Engineering Orion: The Assurance Framework

Tech & Product
Content Writer
Engineering Orion: The Assurance Framework

Orion at a glance

  • Core principle: LLMs act as compilers, not calculators. They translate intent into Python/Pandas, SQL, or GraphQL, but never compute business metrics directly.
  • Determinism: For invariant data and configuration, the same query yields the same code path and the same result.
  • Scale: New agents are thin, domain-specific layers over a shared orchestrator, memory stack, governance wrapper, and sandbox runtime.
  • Cost: Compute happens in optimized engines (databases, data warehouses, APIs), while LLM usage is constrained via schema injection, minimal context, and bounded retries.

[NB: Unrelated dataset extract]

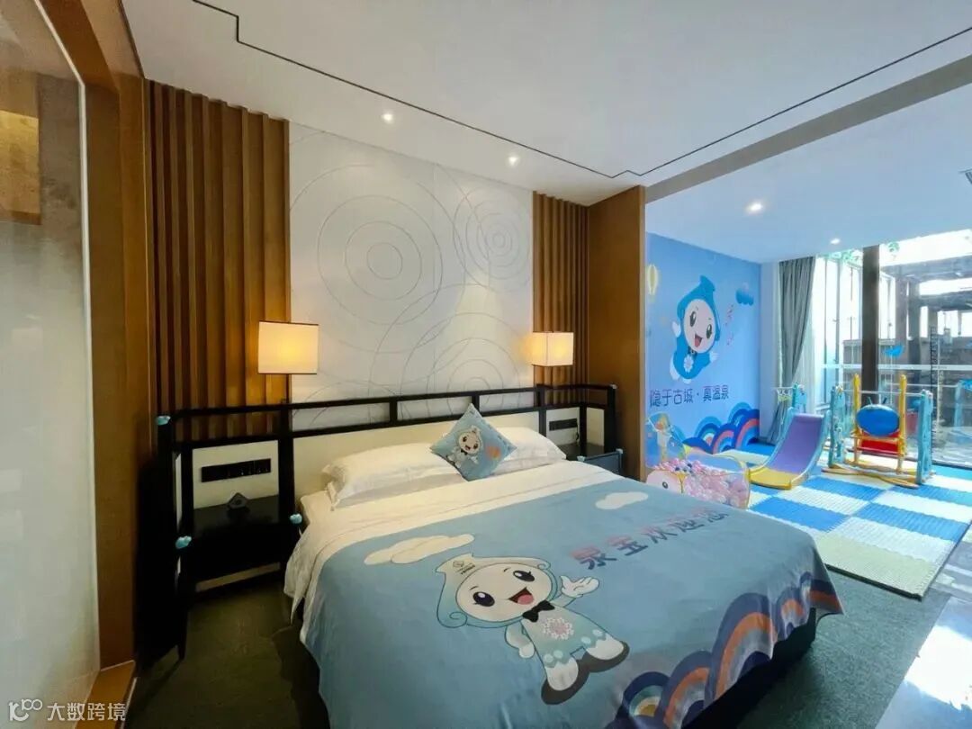 第二个套餐房型再升一级,到亲子私汤豪华套房,看名字就知道了,这个房间是有私汤的,更适合带娃的家庭。

Request lifecycle and system architecture

From user query to routed intent

  1. Ingress & tracing
    • A client (chat UI, API client) sends a request over a persistent connection.
    • The gateway authenticates the user (e.g., JWT) and assigns a trace_id that propagates through all downstream systems.
  2. Context resolution (Memory stack)
    Orion’s context system resolves ambiguity and injects business rules before an agent sees the query:
    • Global preferences (system context)
      • Immutable rules such as “report currency in GBP” or “hide cost price columns”.
      • Applied to every request for a given tenant or environment.
    • Short-term memory (STM)
      • Backed by a relational store (messages table).
      • Provides conversational context (e.g., resolving “it” to “the red T-shirt from the last turn”).
    • Long-term memory (LTM)
      • Backed by a vector index (e.g., pgvector in PostgreSQL) for semantic lookup of business rules and definitions.
      • Typical usage: map “revenue” to its canonical definition and fiscal calendar for a given organization.
    A “Query Resolver” component merges the raw user query with STM, LTM, and global preferences into a resolved command that can be safely routed.
  3. Routing and ambiguity handling
    • An intent classifier takes the resolved command and selects a domain, such as SALES, MARKETING, or TRAFFIC.
    • An ambiguity / HITL detector checks for missing required slots (metric, time period, dimension).
      • If the query is underspecified or classifier confidence is low, the orchestrator pauses the flow and triggers a synchronous human-in-the-loop clarification (e.g., via WebSocket message).
      • Once clarification is received, the query is re-synthesized and forced through to execution without re-classification.
  4. Agent selection
    • The orchestrator instantiates the correct BaseAgent subclass (SalesAnalyst, DataAnalyst, etc.) and injects a context object:
      • Resolved query.
      • Business rules (LTM chunks).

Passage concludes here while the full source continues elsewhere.